To do this, take a random sample WITH replacement from the
original
data:
original.data <- data.frame(logfriday, loggross)
n <- nrow(original.data)
sample.index <- sample(1:n, n, replace=T)
bs1 <- original.data[sample.index,]
"Document" this code -- explain what each line does.
e) Now fit the model using bs1 (don't do transformations or
diagnostics.)
What is the slope? save this slope in a variable named
slope.1
f) Repeat steps (d) and (e). Call this slope slope.2. You
now
have two different estimates of the slope.
g) Repeat (d) and (e)998 times. You'll now have 1000 estimates of
the
slope and can use this to understand the variability in the estimate.
I
don't expect you to actually repeat this 1000 times of course.
Instead,
write a function that will do this. The input to the function
should
be the data frame (what we called original.data) and a number called B
which
will represent the number of repetitions. (In this example, B = 1000).
The
output should be a vector of B estimates of the slope.

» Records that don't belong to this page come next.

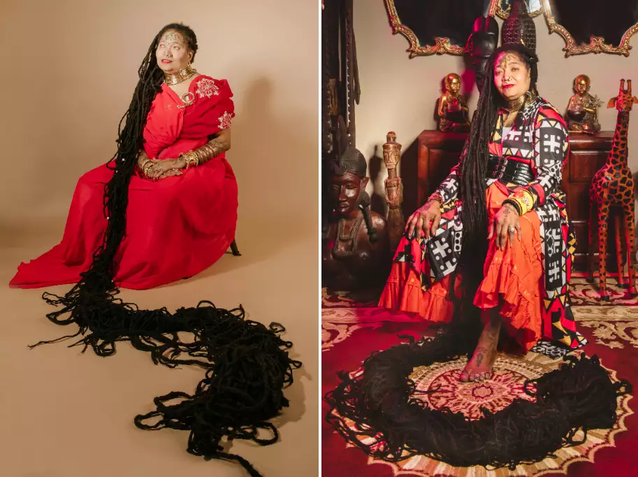 现今60岁的Asha从几十年前开始蓄发,在2009年第一次获得全球脏辫保持记录。现在她在社交媒体上称,自己的头发已经长到了33.5米,总重量达19公斤。
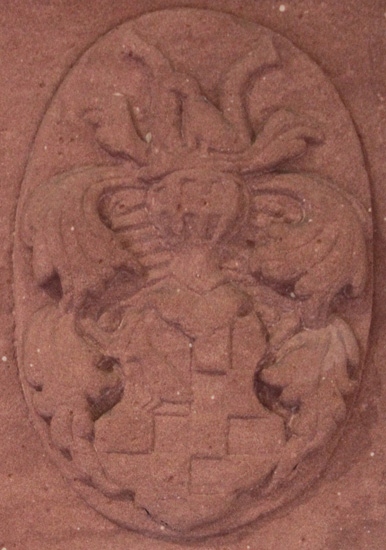 Das Wappen der von Geispitzheim zeigt in Silber drei rote Zickzackbalken, oder wie hier fünfmal im Zickzackschnitt silbern-rot geteilt, auf dem Helm mit rot-silbernen Decken zwei wie der Schild bezeichnete Büffelhörner, wobei die Zickzackteilungen hier nicht mehr aufgelöst sind. Das Wappen der von Koppenstein ist blau-golden geschacht mit einem roten Freiviertel, darin ein Vogel (nach Gruber ein schwarzer Rabe, nach Siebmacher ein silberner Vogel), auf dem Helm mit blau-goldenen Decken der Vogel zwischen zwei blau-golden geschachten Büffelhörnern, wobei hier die Details nicht aufgelöst sind. Bei den Koppensteinern gibt es noch andere Varianten, vgl. bei Zobel. Unten zwischen den beiden Wappen sieht man als Memento mori eine Sanduhr auf einem Totenschädel.
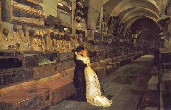 Cappuccini di Palermo: ”Amore e Morte” del pittore catanese Calcedonio Reina.
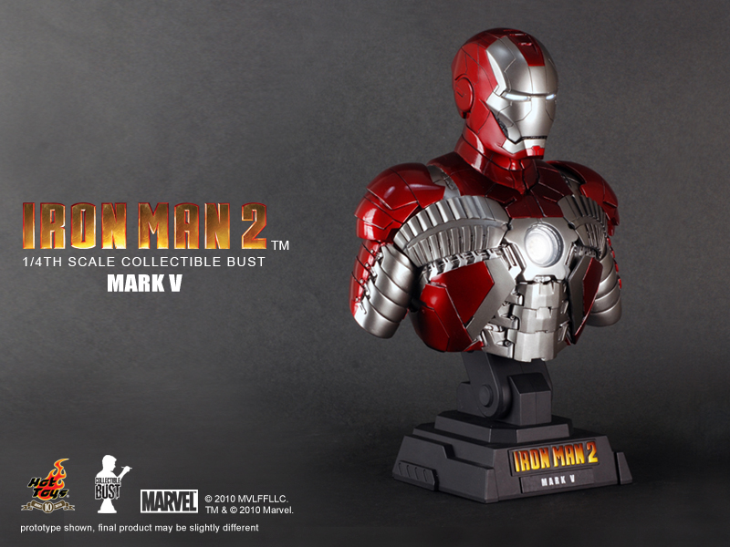 Hot Toys continues their extensive collection of Iron Man 2 movie collectibles with a new 1:4th scale bust: Iron Man Mark V. The "Suitcase Suit," as it is lovingly referred to by fans, measures approximately 9.5 inches tall and features LED light-up eyes and heart (white light, battery operated - 3 "AAA" batteries not included). Scheduled for release 3rd quarter 2010, the Mark V bust joins the previously announced Mark IV, Mark VI (summer convention exclusive), and War Machine busts.
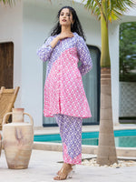 Pink & Purple Colour blocked top, has three quarter sleeves, slip-on closure and regular waist hem
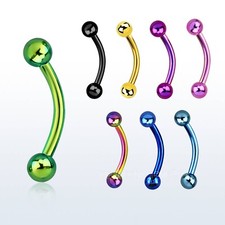 $16G Anodized Curved Eyebrow Barbell You'll receive 1 piece of size/color of Titanium Anodized 316L Surgical Steel Curved Eyebrow Barbell. Guaranteed Top Quality Titanium Anodized 316L Surgical Steel. Product Description: - Anodized Ball Curved Eyebrow Barbell - Titanium Anodized over 316L Surgical Steel - Externally threaded ends - Gauge (thickness): 16 Gauge (1.2mm) - Length/ Size: 5/16", 3/8" inch (8mm, 10mm) - Ball Size: 3mm - Color: Green, Black, Gold, Purple, Pink, Rainbow, Blue and Light Blue. - Quantity: 1 piece Check out my [other items] (http://search.ebay.com/?sass=ppbodyjewelry683&ht=-1) ! Visit My eBay Store: ppbodyjewelry Be sure to add me to your [favorites list] (http://my.ebay.com/ws/eBayISAPI.
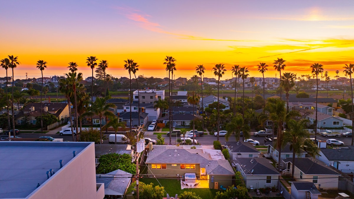 Escape to this stunning 2-story beach house with ocean views from nearly every room. Soak up the sun on the rooftop deck, unwind by the fire pit, play in the game room, or enjoy the open-concept living area with a fully equipped kitchen and central AC. Just steps from the beach and 2.2 miles from Legoland, this 3BR/2BA retreat offers a washer/dryer, ample parking, and easy self check-in—everything you need for the ultimate coastal getaway.
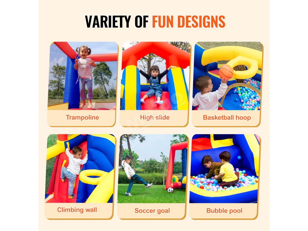Tento rodinný skákací hrad na záhrade, ktorý je vybavený plochami na skákanie, šmykľavkami, bublinkovými bazénmi, futbalovými bránkami, lezeckými stenami a ďalšími prvkami, ponúka vysokú hravosť a poskytuje rôzne možnosti zábavy a zbližovania rodiny.

h) One crude way of getting a pretty good 95% confidence interval is to
take
as your left end point the .025 quartile of the output from your
function
in (g). The right end point is the .975 quantile. So let's
say
that you have a vector called boostraps that consists of 1000
estimates
of the slope. Your estimate of the 95% confidence interval could be
found
using quantile(boostraps, c(.025, .975)). What is this interval?
How
does it compare to the interval in (b)?
Note: R does all of this for you in a nice command called "boot".
Bot
is a little tricky to use, but if you want to try it, read 5.5.3. Pay
careful
attention to the footnotes, which have sample code for you to use.